社会的絆を構築するための手助けに
スコットランドにあるグラスゴー大学のKatie A. Riddochさんと同僚達は153名の犬の飼い主に、どの犬の行動が愛犬との絆を深めるために特に重要と感じるかについて自由回答式での質問調査を行いました。(”Exploring behaviours perceived as important for human—Dog bonding and their translation to a robotic platform”)飼い主達からの回答は、分析の結果7つの核となるカテゴリーに分けることが出来るそうです。1、アクティビティを一緒に行う
多くの飼い主達が一緒に遊ぶことが絆を深めるには重要と回答しました。例えば、ロープやおもちゃを引っ張りあって遊ぶ、ボールなどを投げて持ってくるような遊びを通して行うトレーニング、楽しそうに遊んでいる様子を見せる(ボールやおもちゃを噛んで遊ぶなど)です。散歩も一緒に行うアクティビティで愛情と共通の楽しみとして重要と考えられます。散歩の途中で愛犬が顔を見上げて飼い主と一緒にいることを確認して(伝えて)くると回答している飼い主もいました。2、近くにいること
ここでは実際に距離が近くにいるということです。例えば、犬が部屋から部屋など行先に着いてきたり、散歩中に側を歩くなどです。このような行動から愛情や従順さを感じたり、又は飼い主が犬に保護や愛情を注いでいることの表れと認識していると回答があったそうです。
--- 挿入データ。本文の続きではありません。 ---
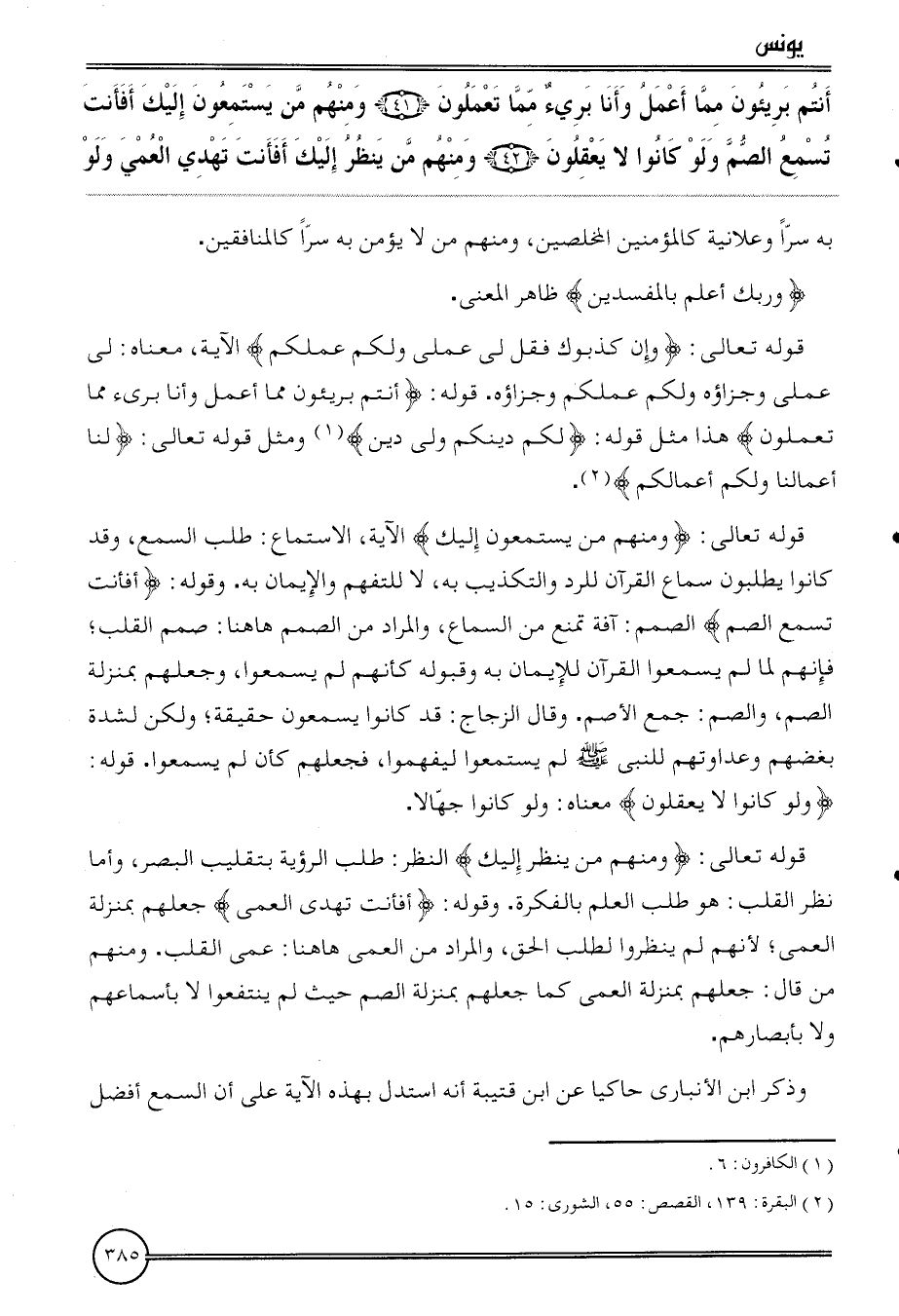 {أَنْتُم بريئون مِمَّا أعمل وَأَنا بَرِيء مِمَّا تَعْمَلُونَ (41) وَمِنْهُم من يَسْتَمِعُون إِلَيْك أفأنت تسمع الصم وَلَو كَانُوا لَا يعْقلُونَ (42) وَمِنْهُم من ينظر إِلَيْك أفأنت تهدي الْعمي وَلَو} بِهِ سرا وَعَلَانِيَة كالمؤمنين المخلصين، وَمِنْهُم من لَا يُؤمن بِهِ سرا كالمنافقين.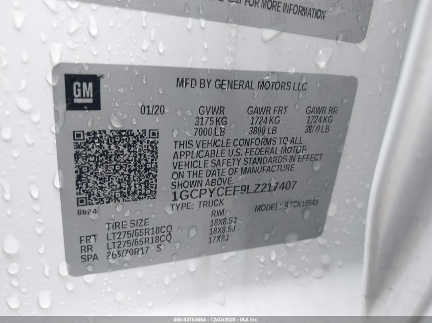 2020 CHEVROLET SILVERADO 1500 2020 року Бензин, 5.3, Повний привід, vin - 1GCPYCEF9LZ217407 з США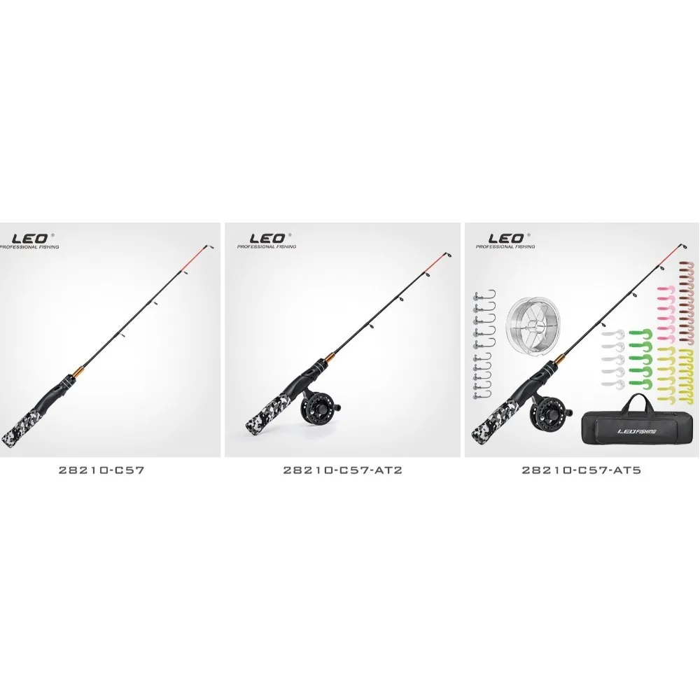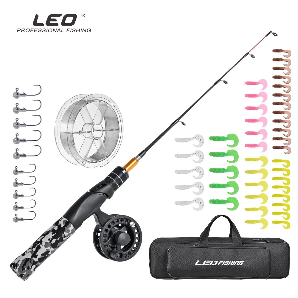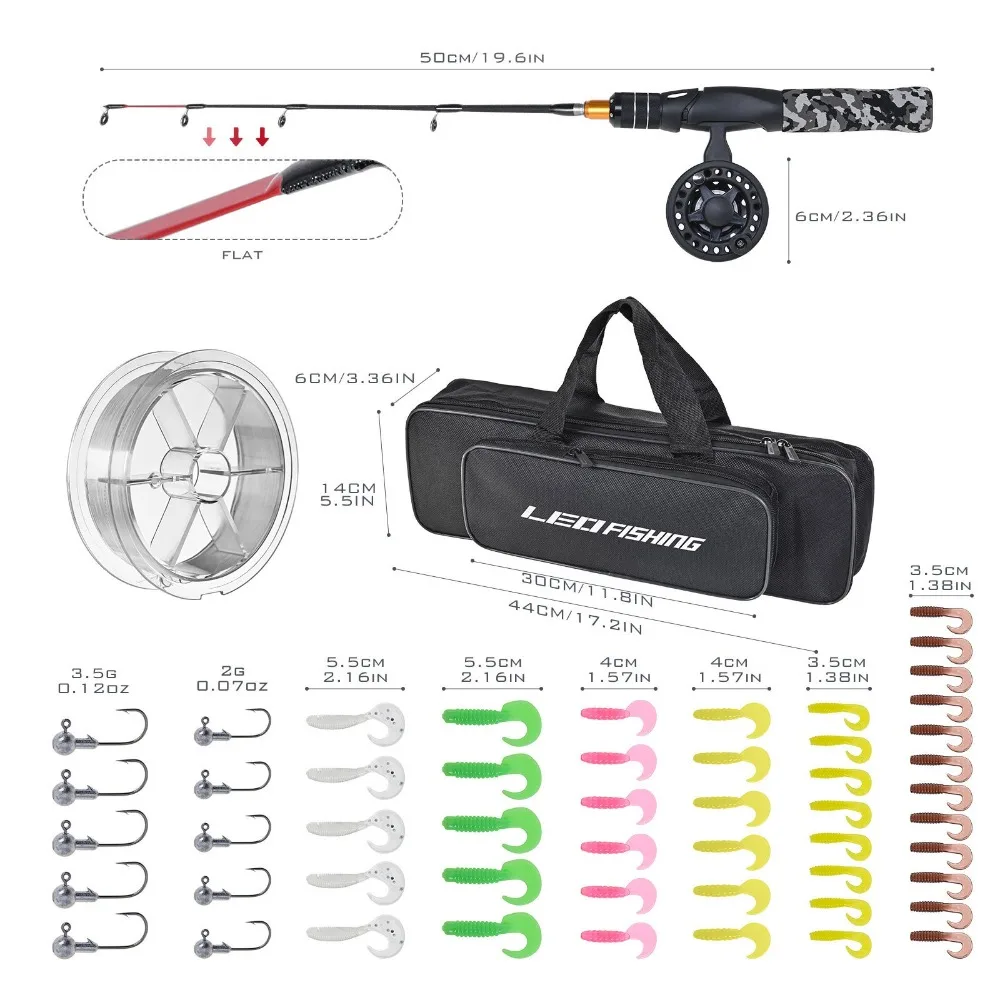 -Lure Accessoriess : The Frozen Lines winter ice fishing jigs have been carefully designed to produce real life-like imitations of a minnow. This swimming action is highly effective for freshwater and saltwater fishing, Also, the high quality and durable sharp treble hooks helps to ensure those fish do not escape PACKAGE:LEOFISHING Ice fishing rod set come with full kits, you can go ice fishing without any other purchase. There is :1* one piece ice fishing rod, 1* Reel(Wrap the line), 1*fishing carrier bag, 1* fishing lure box with full accessories such as :Jig,, hooks, floats, Soft Lures etc., which meet most of the needs of a beginner.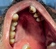 Figure 3 Intraoral view showing incomplete cleft palate, generalized periodontitis, and multiple missing teeth.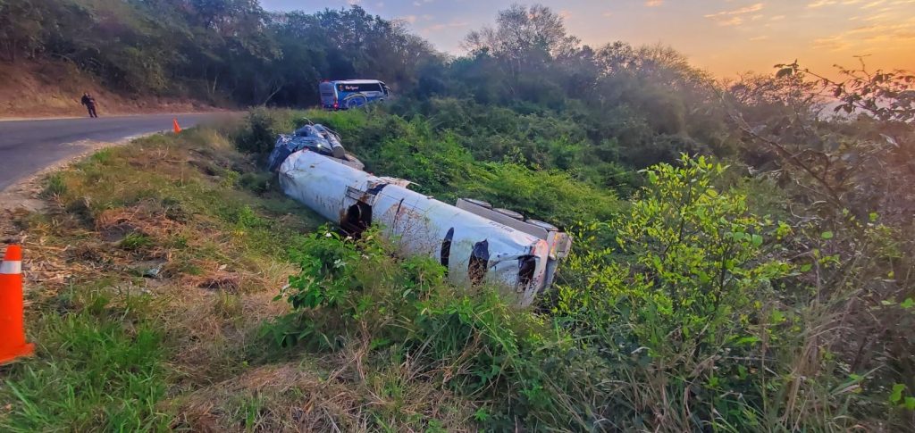 Al acudir al punto localizaron un tractocamión tipo pipa, volcado a un costado de la carretera, sin obstruir la circulación.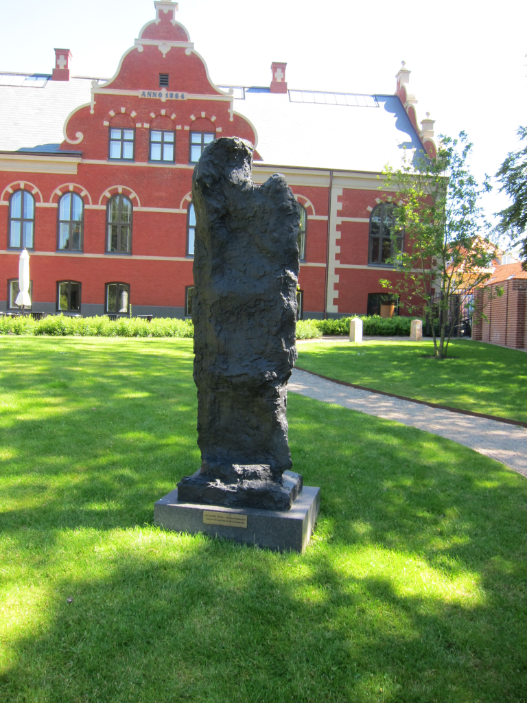 In Ribe Art Museum’s garden stands Per Kirkeby’s black bronze sculpture, Figure. The sculpture is not made specifically for the museum garden. It was originally created in 1983 and first placed in Ribe in connection with a donation in 2013.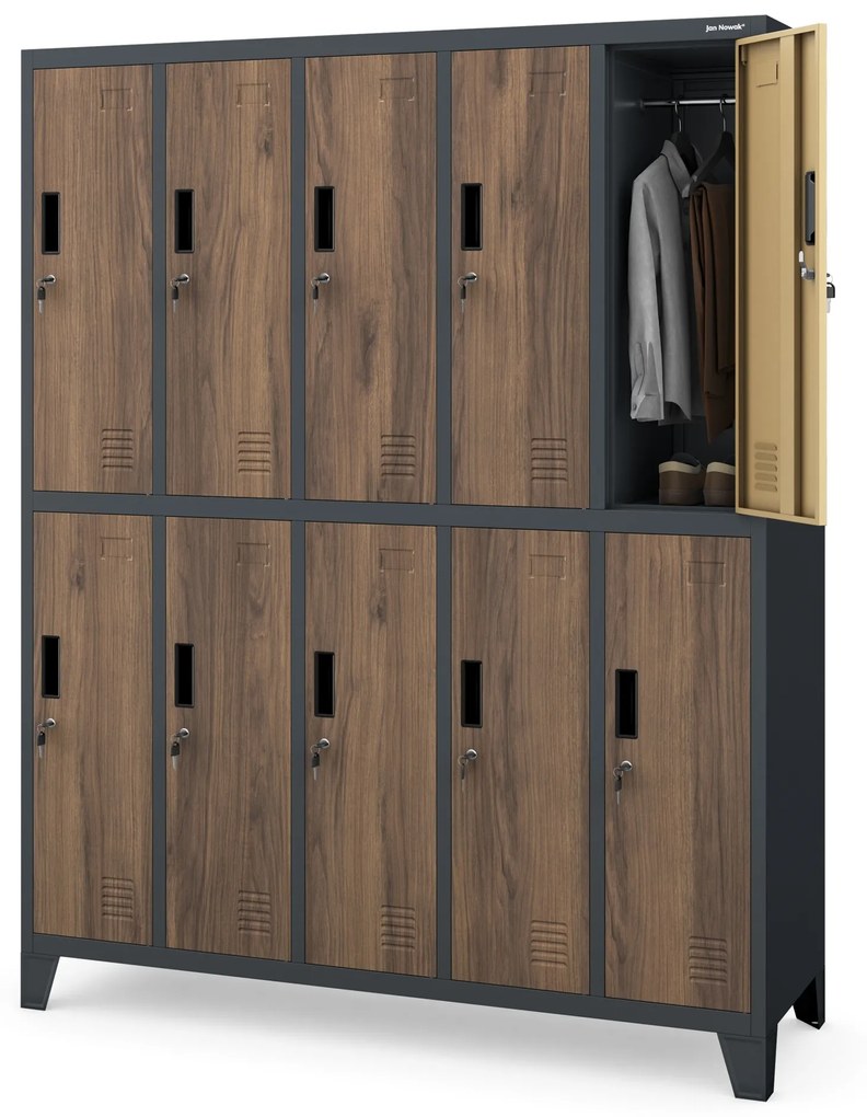 Šatňová skriňa na nôžkach BARTEK, 10 boxov – antracitová/orech Kovová šatňová skriňa s 10 boxami BARTEK antracitová/orech JAN NOWAK BARTEK – plechová šatňová skriňa s 10 boxami Najbežnejšie použitie: fabriky, šatne, fitness školy Plechová šatňová skriňa s 10 boxami – vlastnosti každý box má spoľahlivý a kvalitný zámok (v komplete dva kľúče) cirkulácia vzduchu pomocou vetracích otvorov čela boxov sú vybavené štítkom pre zasunutie opisu / mena odolný – solídny oceľový plech s hrúbkou 0,6 mm s povrchovou úpravou práškovou farbou Parametre výška 172 cm šírka 136 cm hĺbka 45 cm hmotnosť (s balením) 66 kg farba antracitová - orech (RAL 7016) Parametre boxu 4 stĺpce (počítané od ľavého okraja skrinky): Výška 77,6 cm Šírka 26,5 cm Hĺbka 45,0 cm 1 stĺpec: Výška 77,6 cm Šírka 29,0 cm Hĺbka 45,0 cm Plechová šatňová skriňa s boxami – prečo ju mať? Záruka kvality - Najlepšie materiály a žiadne kompromisy v spracovaní. Certifikáty – vyberajte si produkty iba so certifikátom kvality, skriňa BARTEK má certifikát PZH (Štátny hygienický ústav) Súlad s GDPR 2018 – dôležité dokumenty si skladujte v skrini, ktorá spĺňa tieto požiadavky Skriňa je odosielaná v demontovanom stave, takže vyžaduje vlastnú montáž.(jednoduchý montážny návod) Kolekcia JAN NOWAK Kancelársky nábytok JAN NOWAK – kvalita a skúsenosť jedného z najväčších dodávateľov kovového nábytku v Európe.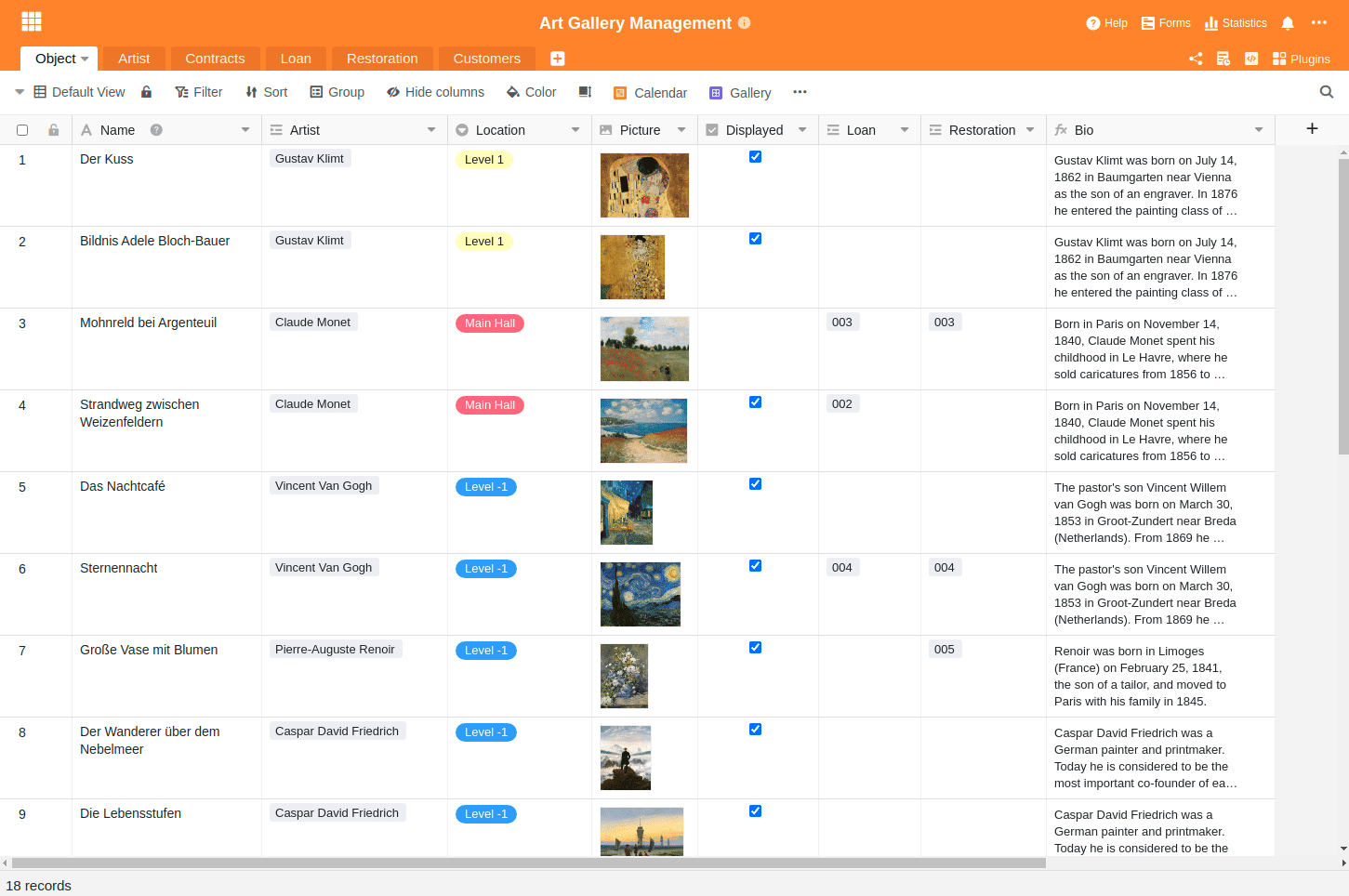 Наш шаблон Art Gallery Management есть несколько образцов записей, чтобы показать вам возможности. Отдельные предметы искусства находятся в центре управления коллекцией и связаны с художниками. В то же время указывается, где в настоящее время находится произведение искусства, а также ссылки на планируемые реставрации и займы. В любой момент можно расширить коллекцию, включив в нее ссылки на общественность, творческие периоды или категории искусства.

また、多くの飼い主が一緒に寝ることが重要と回答しているそうで、夜の就寝時やソファなどでの昼寝も含まれます。3、コミュニケーション
非常に多くの飼い主が絆を深めるためにコミュニケーションが大切と回答しています。例えば、見つめ合うなど。犬が物(遊ぶ対象や食べ物など)を見てから、何かを要求するように飼い主の顔を見るなどの回答があったり、反対に犬が見ていることは気遣いの表れと感じるという回答もありました。他にはおもちゃを持ってくるという行動についても飼い主によって認識が違い、遊びの誘いと考えたり、慰めるために持ってくる、贈り物として持ってくると感じている人もいるようです。いずれの場合も飼い主からの要求で持ってくるのではなく、犬自ら持ってきておりコミュニケーションをしようという表れと考えられます。また、手や頭をくっつけてきたり、突っついてきたりなどの行動もコミュニケーションに入ります。声を使う、吠えるなどもコミュニケーションの手段として考えられます。最後に、飼い主からの指示を聞くというのもコミュニケーションのカテゴリーで、愛犬が”聞いている”と感じると回答。指示を聞くという行動は犬の知性と従順さを示してると感じるそうです。
4、身体的接触
触れ合う愛情行動も多くの飼い主が重要と考えいます。犬が寄りかかる、手を乗せてくる、足元で横になる、飼い主の隣でどこか触れる形で横になる、キスやハグをする、抱っこなどになります。飼い主側からではなく犬が前触れもなく見せるこれらの行動は、犬の気持ちのこもった愛情表現であると多くの飼い主が強く考えているようです。5、一貫性
飼い主を見た時や一緒にいる時に、嬉しい感情や興奮を見せる犬の好意的な特性と、幸せで楽しんでいる態度を示すことが犬と人との絆を深めると回答する飼い主も多くいます。また、どれだけ短い間であったとしても再会した時に見せる一貫した挨拶行動にも犬の愛情を感じるとする飼い主達もいます。飼い主が出すコマンドに一貫して従う、特に犬の名前を呼んだ時に来るという行動を重要と考える回答もあるようです。一貫性はやる気や従順さ、感情認識として決定的なものではあるけれど、飼い主によっては一貫性がないような行動も犬の独立性や何をしたいのかの選択を知るために良いと考えているようです。6、積極性と熱意
犬に熱意があること、飼い主が"愛犬は幸せを感じていると認識すること"が大切と回答してる人もいます。この回答をした三分の一が、飼い主の帰宅時に犬が「尻尾をぶんぶんと振る」「お尻をフリフリする」「興奮して喜んだ様子でジャンプしたり、飛んだり跳ねたりする」の何れかを述べています。そして多くの飼い主が飼い犬のことを、面白い子と考えていてその部分も大好きであると答えています。また、犬が嬉しい時に”笑う”表情をしているようだとの回答も多くあったそうです。7、同調
犬が行動を他に合わせる能力のことになります。例えば、飼い主の毎日の起床や就寝、出かける時間や帰宅時間などの決まったスケジュールを犬達は理解し、それに合わせて行動しているなどです。また、飼い主がストレスを感じた時や落ち込んでいるなどの感情の変化に気づくという感情の同調の回答も多かったそうです。飼い主が悲しんだり落ち込んだりしている時は、犬が横に座る、顔を舐めてくる、おもちゃを見せにくるなどの行動をとるそうです。